Pre-COVID-19 M&A Landscape

Before the COVID-19 pandemic, the M&A landscape in India was characterized by robust activity across various sectors. The country’s economic growth, liberalization policies, and increasing globalization contributed to a favorable environment for M&A transactions. Key sectors driving M&A activity included technology, telecommunications, pharmaceuticals, and financial services. Notable transactions during this period included Walmart’s acquisition of Flipkart, Vodafone’s merger with Idea Cellular, and the acquisition of Fortis Healthcare by IHH Healthcare.

Corporate advisory services were instrumental in these transactions, providing critical support in deal structuring, regulatory compliance, and strategic alignment. Advisors facilitated valuations that reflected market realities, conducted thorough due diligence to uncover potential risks, and helped negotiate terms that maximized shareholder value. The pre-pandemic M&A environment was marked by confidence, with advisors playing a crucial role in closing deals and ensuring successful integrations.

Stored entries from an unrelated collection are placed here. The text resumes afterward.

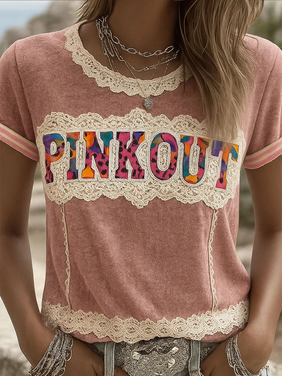 Női retro rózsaszín nyomtatás kényelmes alkalmi póló
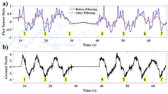 The flex sensor data before and after filtering are shown in Figure 10a, and the spirometer signal, serving as the ground truth, is illustrated in Figure 10b. Before applying the developed approach, the flex sensor data had 31 peaks, indicating 31 breath cycles. However, after applying the developed fusion technique, the number of breath cycles extracted from the filtered flex sensor data is seven, which is consistent with the count obtained using the ground truth. This demonstrates that, in this test, body motion leads to a false alarm rate of more than 300% in counting the breath cycles when the developed approach is not applied. The results highlight the effectiveness of the developed approach and its ability to avoid counting cycles corresponding to body motion as breath cycles.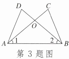 3.如图,$AC$,$BD相交于点O$,$\angle 1 = \angle 2$,若要利用“SAS”说明$\triangle ACB\cong\triangle BDA$,则还需要加上条件 ( )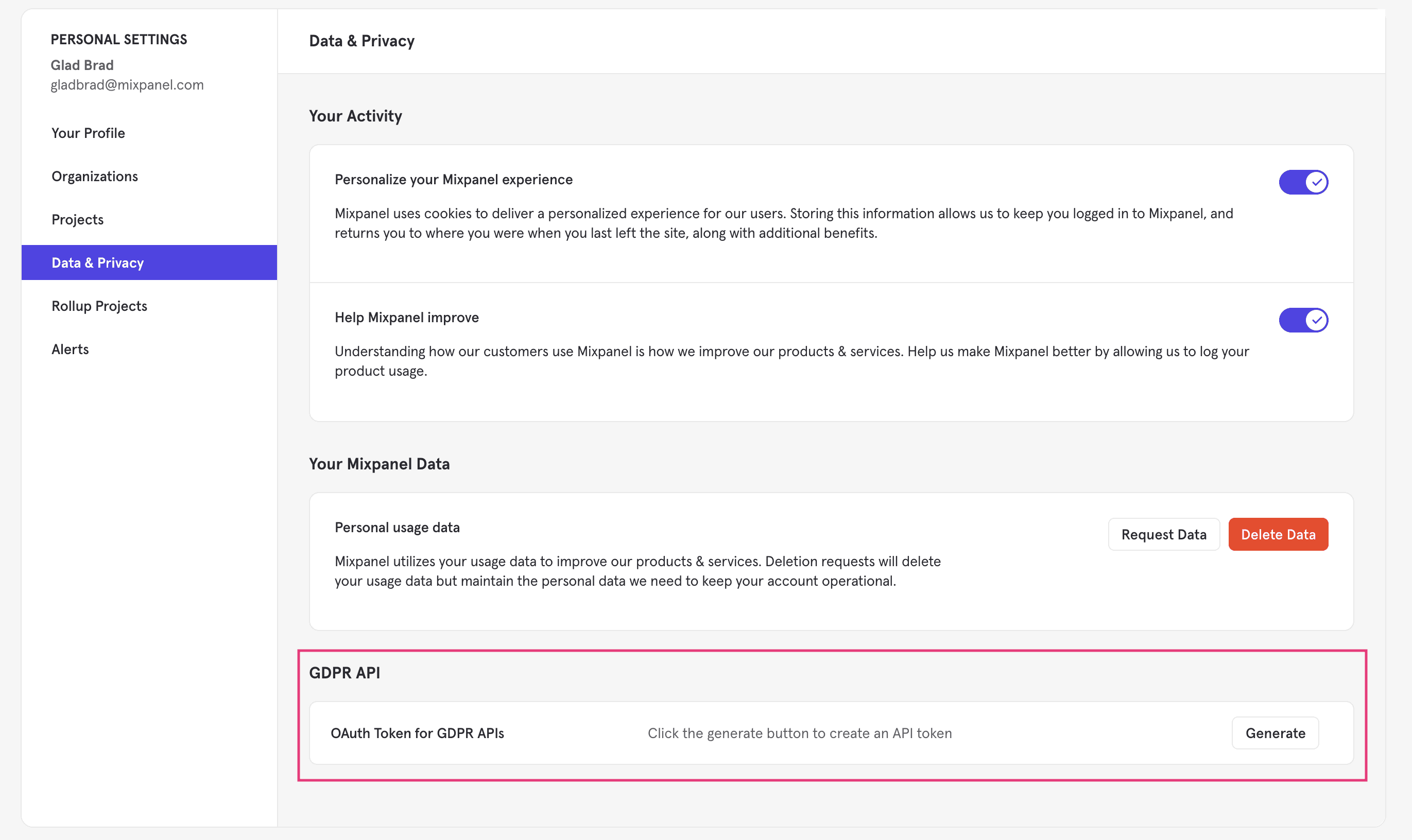 In order to submit a request, you must first generate a GDPR OAuth token from your Personal Settings. This token is required for requests submitted both through the Mixpanel interface and through Mixpanel's APIs. Users can retrieve this token from their Account Settings (opens in a new tab) by selecting their initials in the top right of Mixpanel and selecting Profile & Preferences, and then the Data & Privacy tab. The OAuth token has a one year expiry. For requests submitted via API, the token should be passed in the Authentication header. Users are eligible to generate an OAuth token if they are the Project Owner, or if they are a Project Owner or Admin of a project that supports team member roles.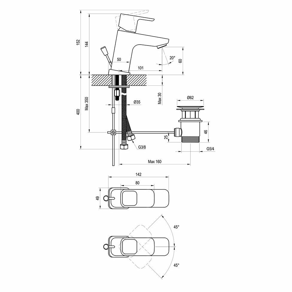 | Дополнительная информация | диаметр картриджа 35 мм; соединительные шланги: гибкий 400 мм, диаметр G3/8; открывание стока: с тросиком и сточным комплектом; гарантия на смесители: 5 лет |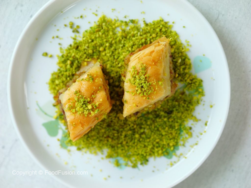 -Cut into diamond or square shapes of bakhlava using a sharp knife & separate the side of pan.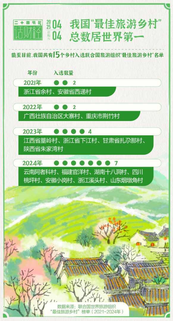 乡村旅游市场持续升温,宝藏乡村备受关注。浙江安吉余村、湖南十八洞村等凭借独特魅力吸引游客。我国共有15个乡村入选联合国旅游组织“最佳旅游乡村”名单。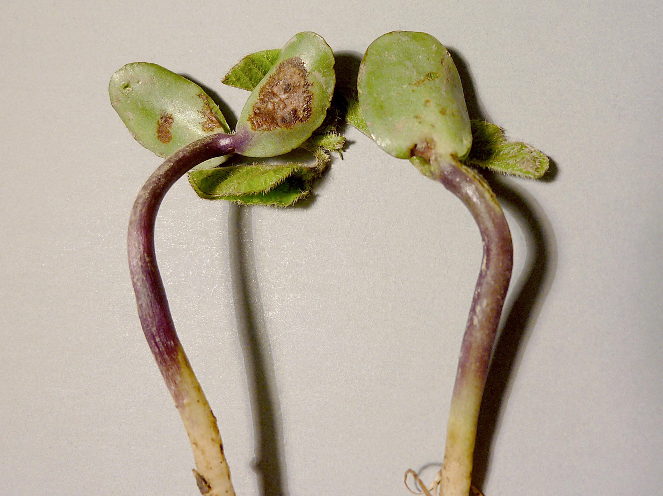 Description: Sur des cotylédons de soya, présence de taches brun foncé, d’une dimension variable, et d’une pourriture brune. Les tests de laboratoire ont révélé la présence de Phytophthora sojae, responsable de la fonte des semis chez le soya.

Impact of COVID-19 on M&A Activities

The onset of the COVID-19 pandemic in early 2020 brought unprecedented disruptions to the global economy, and India’s M&A landscape was no exception. The pandemic-induced lockdowns, supply chain disruptions, and economic uncertainties led to a significant slowdown in M&A activities. Deal volumes plummeted as companies shifted their focus to liquidity management, operational continuity, and cost containment.

However, the pandemic also presented unique opportunities for corporate advisors to demonstrate their value. Advisors played a critical role in helping companies navigate the volatile environment by reassessing valuations, identifying distressed assets, and structuring opportunistic acquisitions. This also works in favor of a Merchant banker in India. The focus shifted toward sectors that were resilient to the pandemic’s impact, such as technology, healthcare, and e-commerce. Advisors provided insights into emerging trends, helped renegotiate deal terms, and facilitated strategic pivots that aligned with the changing market dynamics.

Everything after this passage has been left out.